Глава 3. МОРСКОЕ СРАЖЕНИЕ

   — Парус! Три паруса! По левому борту!
   Не сам крик, а его тон заставил замереть всех, кто находился на «Персее», мусульман и христиан, вольных и рабов. Паруса на этих оживленных морских путях встречались часто. Их появление не вызывало того ужаса, который все явственно расслышали в голосе дозорного.

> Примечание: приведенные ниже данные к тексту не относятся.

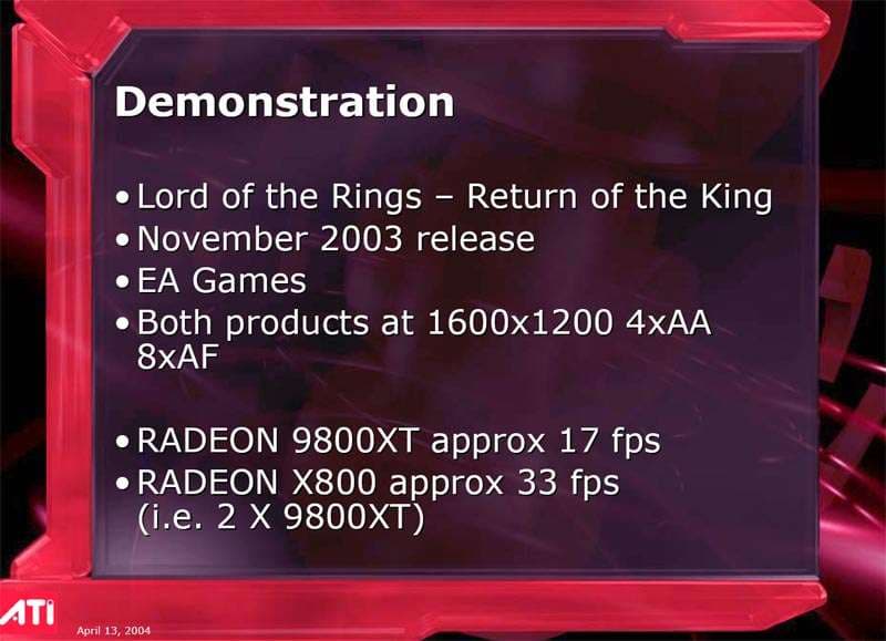 Его выступление затрагивало в целом ситуацию в ATI на сегодня, он рассказал о некоторых планах, ну и были продемонстрированы общие показатели по R420. Как можно видеть ниже, руководство компании не испытывает страха перед новинкой от конкурентов (NVIDIA), показывая на диаграммах весьма высокие скоростные параметры R420. Разумеется, о том, что у NVIDIA NV40 есть шейдеры 3.0, а у продукта из Канады их нет, предпочитают молчать, лишь при задавании вопросов на эту тему, идет ответ о том, что эта технология пока не нужна, и не зачем тратить на нее транзисторы в кристалле и людские ресурсы. Подробно об этом можно узнать, прочитав наше интервью с ведущими сотрудниками ATI.

   Акэ, подвешенный вниз головой, истекающий кровью из раны в груди и трех разрезов на спине, там, где содрали кожу, услышал это. Услышал это и Корбо, стоявший над ним с ножом в руке и намечавший место следующего разреза. Услышали Жан, Джанук, Хакон и Да Коста — и их взгляды обратились в ту сторону, откуда приближался источник этого страха. Стоявший на квартердеке де Лавальер услышал это — и потянулся за подзорной трубой.
   — Прислужники ада! — прогремел он и, не отрывая глаза от трубы, крикнул Корбо: — Когда все закончится, забить дозорного до смерти! Как он допустил, чтобы к нам подобрались так близко?
   Он смотрел на красные изогнутые паруса, идущие галсом к ветру, наполнявшему парус «Персея». Имея это преимущество и запас времени, он мог бы обойти, а потом и обогнать эти три корабля. На них больше гребцов, но это тяжелые галеры, так что идущий по ветру галиот всегда бы от них ушел. Однако они следовали на значительном расстоянии друг от друга, как сеть, брошенная, чтобы опутать его. Теперь дело может дойти до боя, в котором его противник имеет сильное численное превосходство. Если только… Лавальер плавает в этих водах уже двадцать лет. Он знает кое-какие уловки.
   — Корбо, в проход. Живо!
   — Есть, капитан. — Корбо заткнул обдирочный нож за пояс и повернулся к палубе. Но тут он что-то сообразил, и его единственный глаз снова обратился на командующего. — Капитан! В каком направлении?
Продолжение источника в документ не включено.